Marga Silvestre
Marga Silvestre
No Se Puede Comprar La Lluvia (you can't buy rain)
Round Rock Arts Downtowner Gallery
Adornment Exhibition: Sept. 14 - Nov. 17, 2023
We are graced to reside on the deep, fertile soils of the Blackland Prairie. Once a 10 million-acre sea of grass that teemed with life, it absorbed and filtered the rain, sending it into the cool dark of the Edwards Aquifer. Today, only 1% of that prairie still exists, its diverse wildlife dwindling down into the few pockets left by ever-growing urban sprawl. Without the open grasslands, the once seemingly endless supply of fresh drinking water from the aquifer is also now under threat. Round Rock’s insatiable thirst has expanded from the first well at the corner of Mays and Main in 1896, to pulling water from as far away as Lake Travis. The summer’s unrelenting heat only deepens that thirst. 2023 has broken the record for both the hottest July as well as the longest continuous stretch of 100-degree days in over 125 years of recordkeeping. No one knows when the heat will break or when the next rains will come. This work represents that anxious uncertainty.
mixed media: hand-dyed fabric using a folded shibori technique, papier-mâché mask and dried plant material.
Round Rock Arts Downtowner Gallery
Pandemic Perspectives: September 15-November 20, 2021
The pandemic forced us to call into question all of the systems that we thought were in place to protect us. Government leadership, the medical system, even science itself seemed to have failed us utterly leaving us to bounce around the internet and social media trying to figure out how we could protect ourselves and our families. Apotropaic symbols, images designed to function as talismans to ward off evil, sickness or just plain bad luck, have been part of human history in every culture going back to the paleolithic. This triptych takes inspiration from the Pennsylvania Dutch hex sign, using it as a base form upon which a multitude of other symbols of protection have been interwoven. Each of the three hexes invokes protection against a different contemporary calamity: plague, earthquakes and storms.

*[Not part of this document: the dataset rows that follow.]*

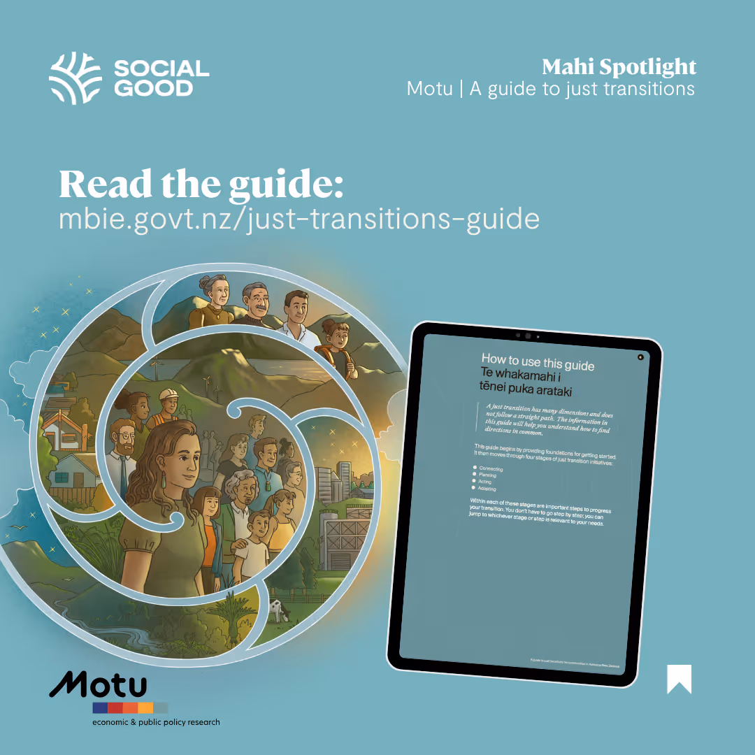 A guide to just transitions helps communities confront the major environmental and social channels Aotearoa New Zealand is facing. The guide was developed through an inclusive process. The project team included over 25 contributors and got broader input through an international literature review, a user needs survey, five dialogue meetings with experts and practitioners, and external peer review.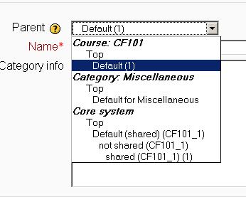 • Notice you can choose to make your category a ‘top level’ category in any context (see Question contexts) that is available to you. Or you can choose to add your category as a subcategory of another category in the same context as the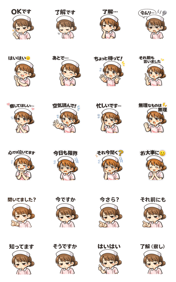 | スタンプ説明 | ちょっと疲れた毎日に使いやすい ちょい毒舌な看護師さんのスタンプです。 「はいはい」「今ムリ」「HPゼロ」など 日常会話や仕事中・仕事終わりに使える40個 |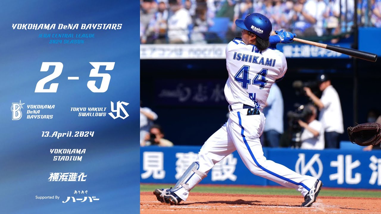 2024.4.13ハイライト【DeNA vs ヤクルト】石上選手のタイムリーで先制すると、4回には桑原選手の犠飛でリードを広げる。しかし6回に4点を奪われ終盤の反撃を封じられてしまい、連勝ならず…

Round Rock Arts Downtowner Gallery
Building Beauty: March 9-May 5, 2023
Part of a larger series, titled Watershed Citizen, which considers new urban designs and cultural responses to climate change. This concept sketch imagines a cityscape safe from rising seas and coastal storms, utilizing biomimicry to generate energy through the wave motion of its lovely leaves, and built to be an integrated part of the existing natural ecosystem rather than replacing it.

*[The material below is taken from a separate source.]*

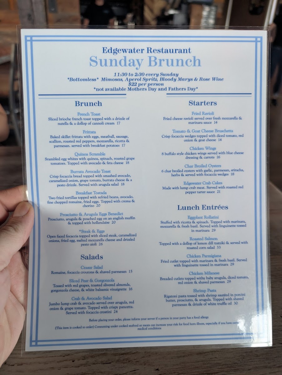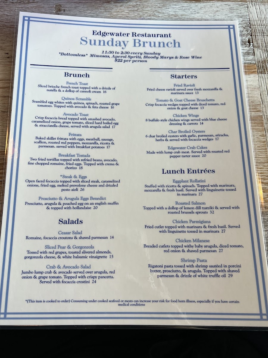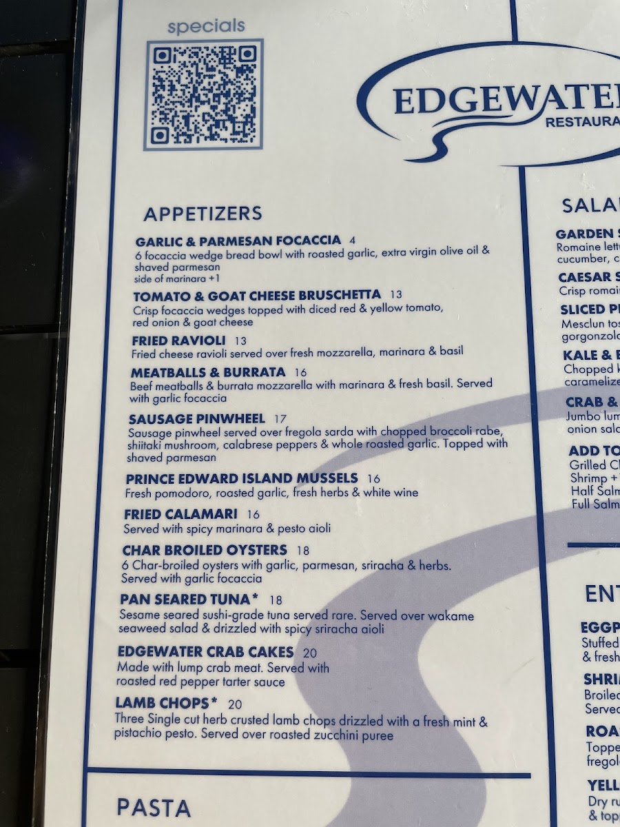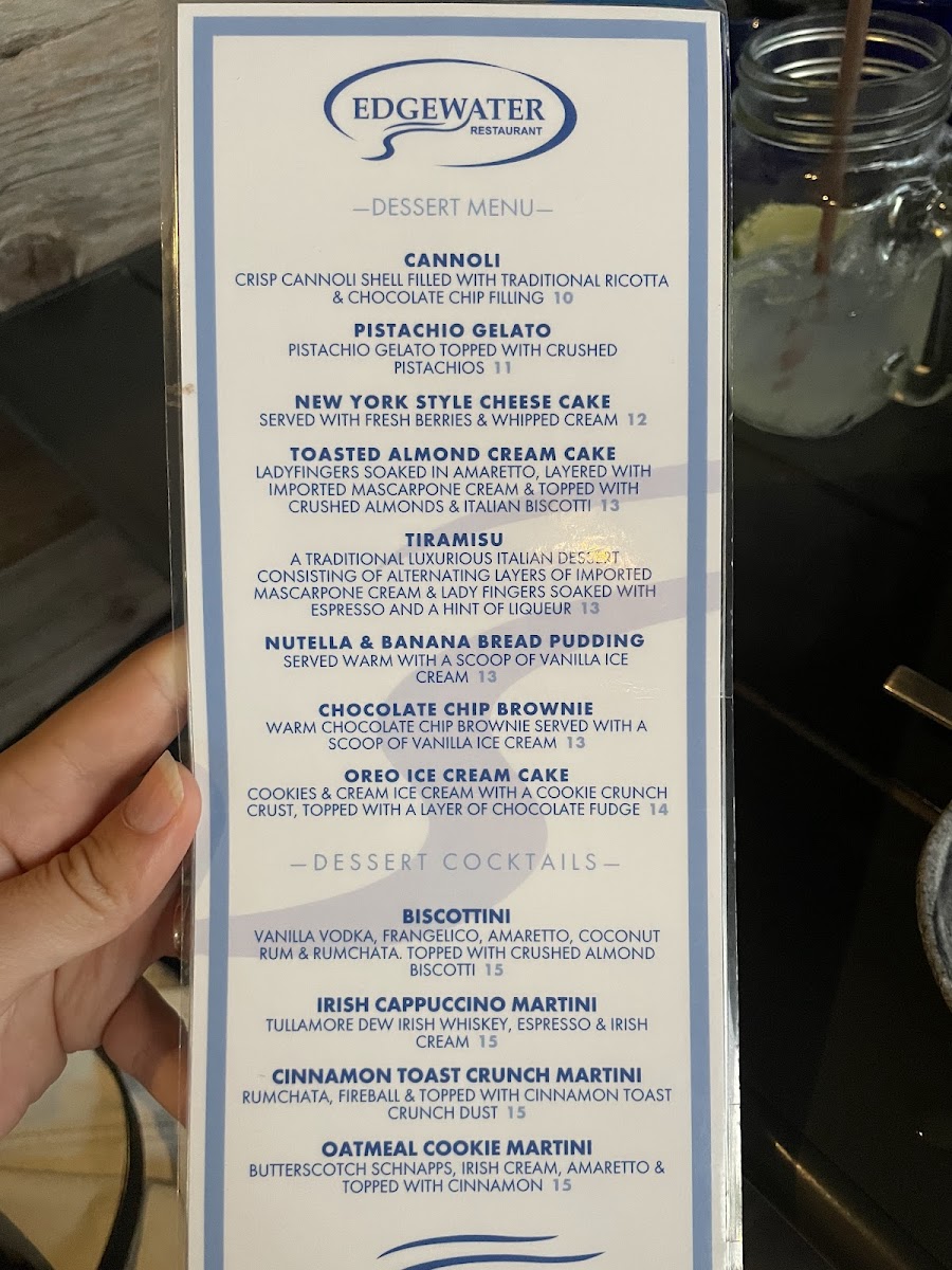 Perfect for a relaxed lunch, a sunset dinner, or a casual gathering with friends, the food at Edgewater complements the warm and inviting atmosphere. Lighter bites like Fried Calamari and Edgewater Crab Cakes make for great starters, while richer plates such as Filet Mignon paired with Shrimp and Mushroom offer a satisfying main course. For dessert, traditional Italian sweets like Tiramisu and Almond Cream Cake provide a smooth finish.

Round Rock Downtowner Gallery
Plastic Exhibition: May 11-July 7, 2023
Carried along by currents, much of our plastic trash has ended up in five massive, swirling vortexes out in the open ocean, the North and South Atlantic Gyres, the North and South Pacific Gyres, and the Indian Ocean Gyre. In fact, it is estimated that by 2050, there will be more plastic in the sea by weight than fish! The gyres have grown so large they could almost be continents, populated with their own peoples and cultures. These three icons, created from beach plastic rescued over a number of years, invite us to imagine a world where 'disposable' plastics have taken on a life independent of their original creators.

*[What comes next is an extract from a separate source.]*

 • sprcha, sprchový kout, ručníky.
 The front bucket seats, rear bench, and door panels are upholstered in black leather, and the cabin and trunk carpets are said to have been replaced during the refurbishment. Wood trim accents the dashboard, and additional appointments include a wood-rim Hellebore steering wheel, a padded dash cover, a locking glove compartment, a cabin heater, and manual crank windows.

Round Rock Downtowner Gallery
Plastic Exhibition: May 11-July 7, 2023
Round Rock Downtowner Gallery
Art of Thy Selfie: March 16-May 13, 2022
Round Rock Downtowner Gallery
2nd Impression Exhibition: January 12-March 11, 2022
1st Place Award
Selected works from solo exhibition: Myths & Tails
Galeria Guatibiri, Rio Piedras Puerto Rico
My textile design work incorporates ideas intended to provoke conversations about how we can reprioritize, redesign and refashion the way we live to ensure an ecologically sustainable future. I use upcycled and durable, low impact fabrics and non-toxic print and dye methods. All my work is hand-printed, dyed and sewn personally.